== Records shown

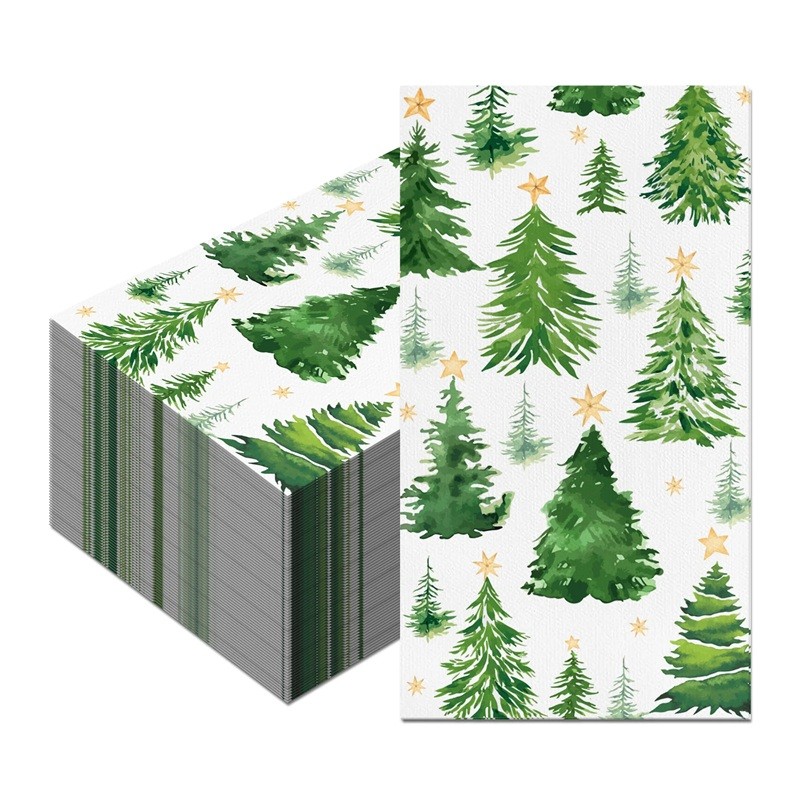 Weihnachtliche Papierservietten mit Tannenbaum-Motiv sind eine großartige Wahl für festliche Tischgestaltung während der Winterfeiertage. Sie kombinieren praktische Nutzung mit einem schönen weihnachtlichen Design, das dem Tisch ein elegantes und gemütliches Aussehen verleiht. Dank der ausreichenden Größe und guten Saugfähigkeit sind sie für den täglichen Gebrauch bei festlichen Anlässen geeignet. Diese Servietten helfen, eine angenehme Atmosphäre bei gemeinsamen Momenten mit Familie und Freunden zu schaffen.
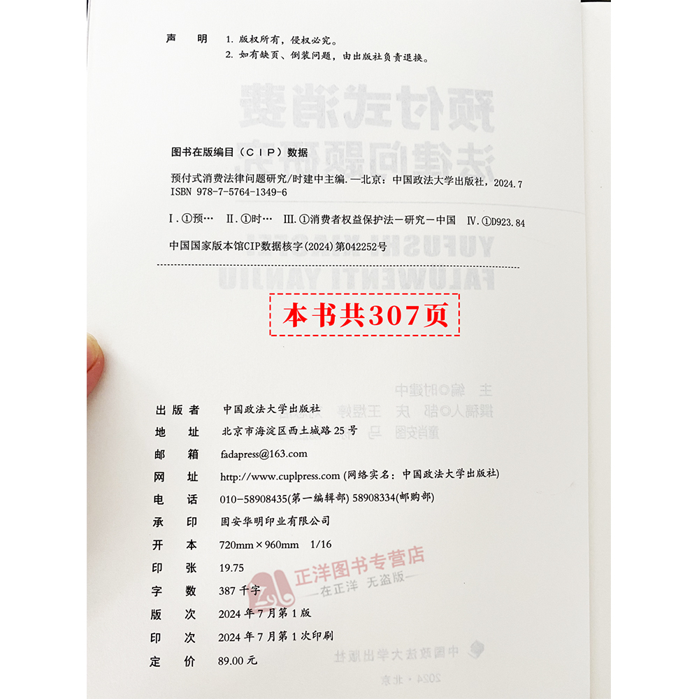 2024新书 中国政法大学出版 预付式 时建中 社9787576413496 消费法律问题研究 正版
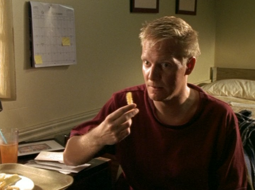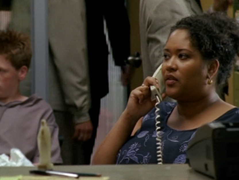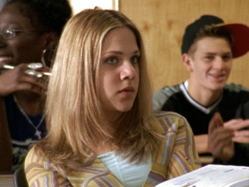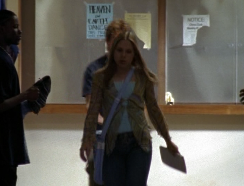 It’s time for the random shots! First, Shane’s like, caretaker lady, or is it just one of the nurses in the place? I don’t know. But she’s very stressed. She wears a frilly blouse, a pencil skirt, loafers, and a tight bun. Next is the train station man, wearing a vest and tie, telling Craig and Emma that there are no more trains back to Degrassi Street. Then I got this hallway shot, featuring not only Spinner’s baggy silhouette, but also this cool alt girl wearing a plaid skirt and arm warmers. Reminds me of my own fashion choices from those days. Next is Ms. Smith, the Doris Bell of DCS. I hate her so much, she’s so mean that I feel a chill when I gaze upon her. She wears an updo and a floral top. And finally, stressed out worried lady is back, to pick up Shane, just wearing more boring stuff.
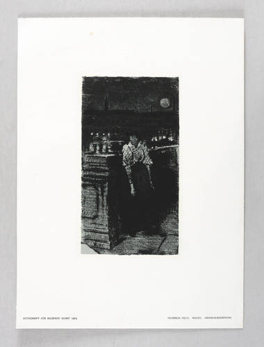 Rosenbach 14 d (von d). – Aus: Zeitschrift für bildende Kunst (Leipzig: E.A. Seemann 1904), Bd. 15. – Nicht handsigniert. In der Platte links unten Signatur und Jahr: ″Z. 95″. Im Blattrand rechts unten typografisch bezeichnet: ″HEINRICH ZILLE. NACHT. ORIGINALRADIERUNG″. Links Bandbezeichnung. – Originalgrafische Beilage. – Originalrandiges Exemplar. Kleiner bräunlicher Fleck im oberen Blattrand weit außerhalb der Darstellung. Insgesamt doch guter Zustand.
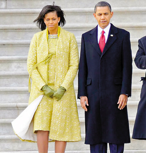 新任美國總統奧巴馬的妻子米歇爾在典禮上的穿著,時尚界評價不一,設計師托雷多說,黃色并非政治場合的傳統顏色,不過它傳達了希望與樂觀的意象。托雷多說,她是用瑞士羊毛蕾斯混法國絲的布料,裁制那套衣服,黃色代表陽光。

====

▶ _Requirement_
Copy every record above exactly as written, but leave out the pictures.

▶ _Task output_
 Weihnachtliche Papierservietten mit Tannenbaum-Motiv sind eine großartige Wahl für festliche Tischgestaltung während der Winterfeiertage. Sie kombinieren praktische Nutzung mit einem schönen weihnachtlichen Design, das dem Tisch ein elegantes und gemütliches Aussehen verleiht. Dank der ausreichenden Größe und guten Saugfähigkeit sind sie für den täglichen Gebrauch bei festlichen Anlässen geeignet. Diese Servietten helfen, eine angenehme Atmosphäre bei gemeinsamen Momenten mit Familie und Freunden zu schaffen.
 2024新书 中国政法大学出版 预付式 时建中 社9787576413496 消费法律问题研究 正版
 It’s time for the random shots! First, Shane’s like, caretaker lady, or is it just one of the nurses in the place? I don’t know. But she’s very stressed. She wears a frilly blouse, a pencil skirt, loafers, and a tight bun. Next is the train station man, wearing a vest and tie, telling Craig and Emma that there are no more trains back to Degrassi Street. Then I got this hallway shot, featuring not only Spinner’s baggy silhouette, but also this cool alt girl wearing a plaid skirt and arm warmers. Reminds me of my own fashion choices from those days. Next is Ms. Smith, the Doris Bell of DCS. I hate her so much, she’s so mean that I feel a chill when I gaze upon her. She wears an updo and a floral top. And finally, stressed out worried lady is back, to pick up Shane, just wearing more boring stuff.
 Rosenbach 14 d (von d). – Aus: Zeitschrift für bildende Kunst (Leipzig: E.A. Seemann 1904), Bd. 15. – Nicht handsigniert. In der Platte links unten Signatur und Jahr: ″Z. 95″. Im Blattrand rechts unten typografisch bezeichnet: ″HEINRICH ZILLE. NACHT. ORIGINALRADIERUNG″. Links Bandbezeichnung. – Originalgrafische Beilage. – Originalrandiges Exemplar. Kleiner bräunlicher Fleck im oberen Blattrand weit außerhalb der Darstellung. Insgesamt doch guter Zustand.
 新任美國總統奧巴馬的妻子米歇爾在典禮上的穿著,時尚界評價不一,設計師托雷多說,黃色并非政治場合的傳統顏色,不過它傳達了希望與樂觀的意象。托雷多說,她是用瑞士羊毛蕾斯混法國絲的布料,裁制那套衣服,黃色代表陽光。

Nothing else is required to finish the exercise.